Let’s start with the ‘List of sentences’ input.

When you have multiple sentences, you need to convert each sentence to a list of words. List comprehensions is a common way to do this.

In [20]:
import gensim
from gensim import corpora

# How to create a dictionary from a list of sentences?
documents = ["The Saudis are preparing a report that will acknowledge that",
             "Saudi journalist Jamal Khashoggi's death was the result of an",
             "interrogation that went wrong, one that was intended to lead",
             "to his abduction from Turkey, according to two sources."]

documents_2 = ["One source says the report will likely conclude that",
                "the operation was carried out without clearance and",
                "transparency and that those involved will be held",
                "responsible. One of the sources acknowledged that the",
                "report is still being prepared and cautioned that",
                "things could change."]

# Tokenize(split) the sentences into words
texts = [[text for text in doc.split()] for doc in documents]
print(texts)

# Create dictionary
dictionary = corpora.Dictionary(texts)

# Get information about the dictionary
print(dictionary)


[['The', 'Saudis', 'are', 'preparing', 'a', 'report', 'that', 'will', 'acknowledge', 'that'], ['Saudi', 'journalist', 'Jamal', "Khashoggi's", 'death', 'was', 'the', 'result', 'of', 'an'], ['interrogation', 'that', 'went', 'wrong,', 'one', 'that', 'was', 'intended', 'to', 'lead'], ['to', 'his', 'abduction', 'from', 'Turkey,', 'according', 'to', 'two', 'sources.']]
Dictionary<33 unique tokens: ['Saudis', 'The', 'a', 'acknowledge', 'are']...>


As it says the dictionary has 33 unique tokens (or words). Let’s see the unique ids for each of these tokens.

In [None]:
# Show the word to id map
print(dictionary.token2id)


{'Saudis': 0, 'The': 1, 'a': 2, 'acknowledge': 3, 'are': 4, 'preparing': 5, 'report': 6, 'that': 7, 'will': 8, 'Jamal': 9, "Khashoggi's": 10, 'Saudi': 11, 'an': 12, 'death': 13, 'journalist': 14, 'of': 15, 'result': 16, 'the': 17, 'was': 18, 'intended': 19, 'interrogation': 20, 'lead': 21, 'one': 22, 'to': 23, 'went': 24, 'wrong,': 25, 'Turkey,': 26, 'abduction': 27, 'according': 28, 'from': 29, 'his': 30, 'sources.': 31, 'two': 32}


We have successfully created a Dictionary object. Gensim will use this dictionary to create a bag-of-words corpus where the words in the documents are replaced with its respective id provided by this dictionary.

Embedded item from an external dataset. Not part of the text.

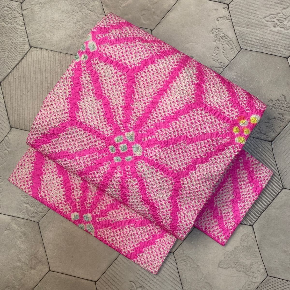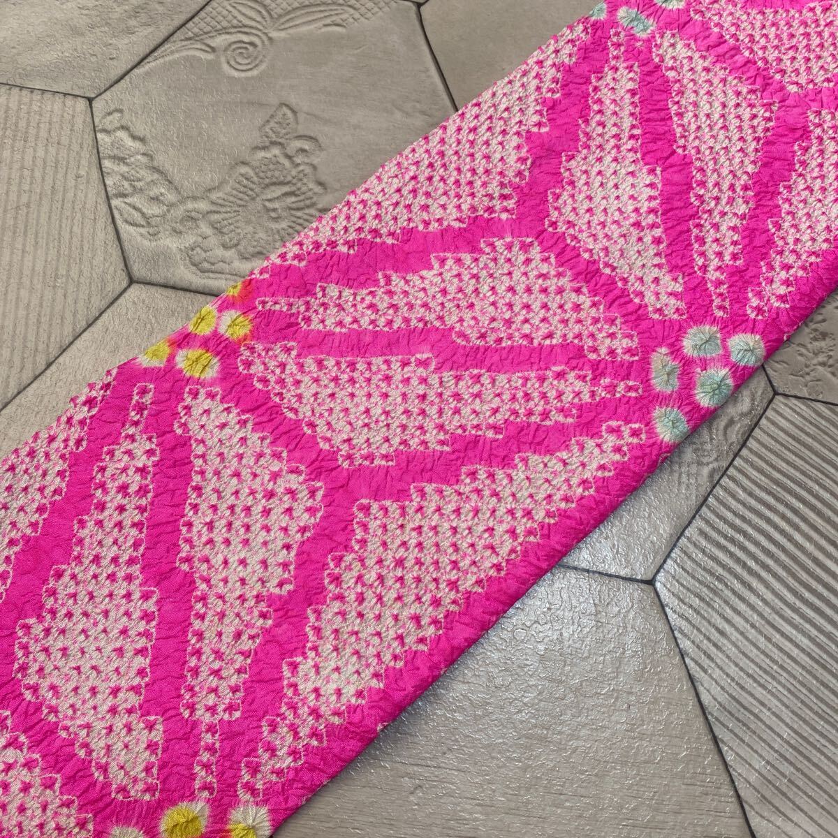 Product name: アンティーク 名古屋帯 着物 絞り ピンク 白地 昭和レトロ 大正ロマン モダン 和洋折衷コーデ リメイク え22-17t

If you get new documents in the future, it is also possible to update an existing dictionary to include the new words.

In [21]:
documents_2 = ["The intersection graph of paths in trees",
               "Graph minors IV Widths of trees and well quasi ordering",
               "Graph minors A survey"]

texts_2 = [[text for text in doc.split()] for doc in documents_2]
print(texts_2)

dictionary.add_documents(texts_2)


# If you check now, the dictionary should have been updated with the new words (tokens).
print(dictionary)

print(dictionary.token2id)


[['The', 'intersection', 'graph', 'of', 'paths', 'in', 'trees'], ['Graph', 'minors', 'IV', 'Widths', 'of', 'trees', 'and', 'well', 'quasi', 'ordering'], ['Graph', 'minors', 'A', 'survey']]
Dictionary<48 unique tokens: ['Saudis', 'The', 'a', 'acknowledge', 'are']...>
{'Saudis': 0, 'The': 1, 'a': 2, 'acknowledge': 3, 'are': 4, 'preparing': 5, 'report': 6, 'that': 7, 'will': 8, 'Jamal': 9, "Khashoggi's": 10, 'Saudi': 11, 'an': 12, 'death': 13, 'journalist': 14, 'of': 15, 'result': 16, 'the': 17, 'was': 18, 'intended': 19, 'interrogation': 20, 'lead': 21, 'one': 22, 'to': 23, 'went': 24, 'wrong,': 25, 'Turkey,': 26, 'abduction': 27, 'according': 28, 'from': 29, 'his': 30, 'sources.': 31, 'two': 32, 'graph': 33, 'in': 34, 'intersection': 35, 'paths': 36, 'trees': 37, 'Graph': 38, 'IV': 39, 'Widths': 40, 'and': 41, 'minors': 42, 'ordering': 43, 'quasi': 44, 'well': 45, 'A': 46, 'survey': 47}


Create a Dictionary from one file
=============================

You can also create a dictionary from a text file.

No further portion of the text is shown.